It is to be noted that the calibration information used by the
geometric computation unit 102 indicates the relation of a camera
coordinate system to a body coordinate system, calculated by
determining the camera coordinate system relative to a real-world
coordinate system based upon the relation of the body coordinate
system to the real-world coordinate system that is already
known.
[0092] A processing area output unit 103 calculates an image area
to be used for purposes of image recognition based upon the exact
shielding plate boundary and the body area boundary having been
determined by the geometric computation unit 102 and outputs the
image area thus calculated. In the adhering matter detection logic
adopted in this embodiment, transparent and semitransparent
adhering matter is detected by designating the shielded area as the
processing target so as to prevent erroneous detection attributable
to ambient light and background objects. It is to be noted that
when a given pixel is present astride the shielding plate area and
the background area (containing the road surface, the sky, another
vehicle and the like), the adverse effect of ambient light and
background objects on the detection processing can be minimized by
taking the particular pixel out of the processing target area.
Accordingly, a raster scan is executed when calculating the image
area to be used for image recognition and the processing area is
created by taking any pixel present on the shielding plate boundary
in the captured image out of the processing target area and
including each pixel present strictly in the shielding plate area
inside the shielding plate boundary in the processing target area.
The processing area output unit 103 may output the image area thus
calculated in the form of, for instance, a mask image.
[0093] In addition, a normalizing parameter output unit 104 outputs
areal size of the processing area, output by the processing area
output unit 103, to the adhering matter detection logic. The areal
size of the processing area output by the processing area output
unit 103 changes from one body to another, and accordingly, any
variance in the sensitivity with which adhering matter is detected
can be minimized by informing the adhering matter detection logic
of the areal size of the processing area.
[0094] Next, in reference to FIG. 14, the flow of the processing
executed to calculate the shielding plate area boundary will be
described. First, in step S500, a decision is made as to whether or
not shielding plate area calculation was completed when the vehicle
was most recently in a traveling state. This decision may be made
by determining whether or not shielding plate area information,
which may be recorded in a flash-ROM (not shown), can be read out.

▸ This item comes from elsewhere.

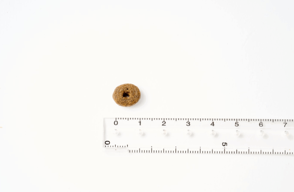 粒の形状はリング型で、サイズは直径約1cm、厚さ約4.5mmと、小型犬から大型犬まで食べやすいように配慮された設計となっています。全犬種・全年齢に対応しているため、多頭飼いのご家庭でも同じフードを与えられます。

If the calculation was completed ("yes" in step S500), the
operation proceeds to step S501 to make a decision as to whether or
not the shielding plate area information, having been recorded in
the flash-ROM, is normal information. However, if it is decided
that the calculation was not completed ("no" in step S500), the
operation proceeds to execute shielding plate area extraction
processing.
[0095] In step S501, the integrity of the shielding plate area,
having been calculated through the previous processing session, is
verified to ensure that the shielding plate area was not formed
incorrectly. This verification is executed by first reading the
shielding plate area recorded in the flash-ROM (not shown) and then
determining whether or not the shielded area boundary is contained
within the range defined by the maximum tolerance and the minimum
tolerance or whether or not the position of the shielding plate
shifted due to an impact or the like to which the camera may having
been subjected. Any shift in the shielding plate position may be
detected by scanning the image for edge positions in the vicinity
of the boundary of the shielding plate area and ascertaining the
rate at which the edge positions match the shielding plate
boundary. If the integrity of the shielding plate area, having been
formed through the previous processing session, is deemed
acceptable ("yes" in step S501), the shielding plate area that has
been read can be used for the subsequent processing and
accordingly, the shielding plate area boundary calculation
ends.
[0096] In the shielding plate area boundary calculation processing,
an image is read from the camera in step S502 first.
[0097] Next, in step S503, a decision is made as to whether or not
a shielding plate area can be formed under the current conditions.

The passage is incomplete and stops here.